| Data for this task |

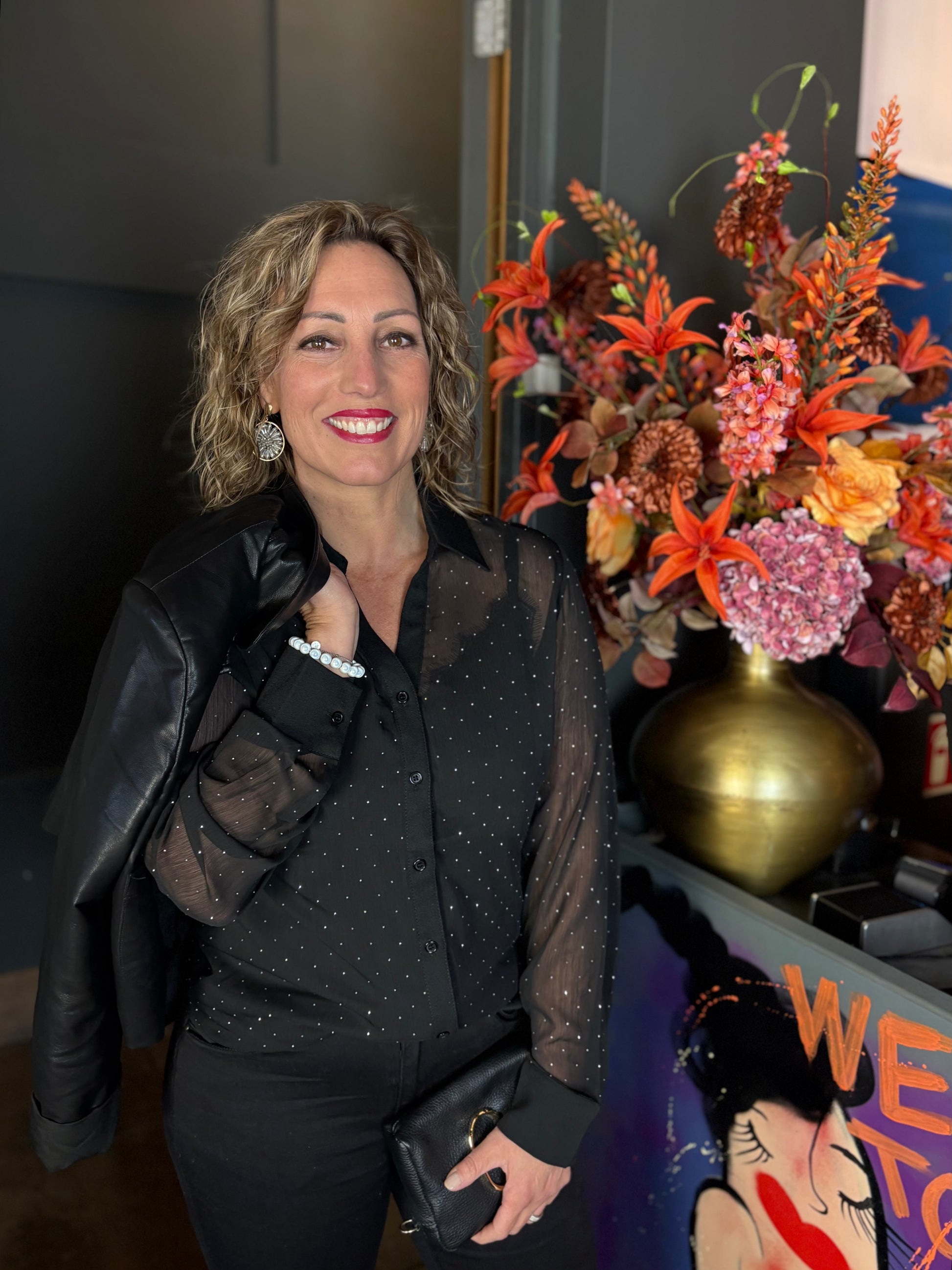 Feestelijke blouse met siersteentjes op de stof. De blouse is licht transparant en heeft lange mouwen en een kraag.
* * *
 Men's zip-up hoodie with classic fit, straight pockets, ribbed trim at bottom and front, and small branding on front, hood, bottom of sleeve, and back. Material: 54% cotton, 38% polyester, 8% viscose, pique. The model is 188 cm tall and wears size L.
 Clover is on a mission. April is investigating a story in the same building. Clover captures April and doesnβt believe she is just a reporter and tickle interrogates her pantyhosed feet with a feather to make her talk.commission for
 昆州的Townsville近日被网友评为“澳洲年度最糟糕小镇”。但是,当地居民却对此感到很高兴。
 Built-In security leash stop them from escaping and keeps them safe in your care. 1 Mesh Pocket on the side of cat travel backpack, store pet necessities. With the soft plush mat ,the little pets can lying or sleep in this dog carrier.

| Instructions to follow |
Look above for the line holding "Clover is on" and the line holding "Built-In security leash". Retype both, and every line between them, word for word and nothing else.

| Solution below |
 Clover is on a mission. April is investigating a story in the same building. Clover captures April and doesnβt believe she is just a reporter and tickle interrogates her pantyhosed feet with a feather to make her talk.commission for
 昆州的Townsville近日被网友评为“澳洲年度最糟糕小镇”。但是,当地居民却对此感到很高兴。
 Built-In security leash stop them from escaping and keeps them safe in your care. 1 Mesh Pocket on the side of cat travel backpack, store pet necessities. With the soft plush mat ,the little pets can lying or sleep in this dog carrier.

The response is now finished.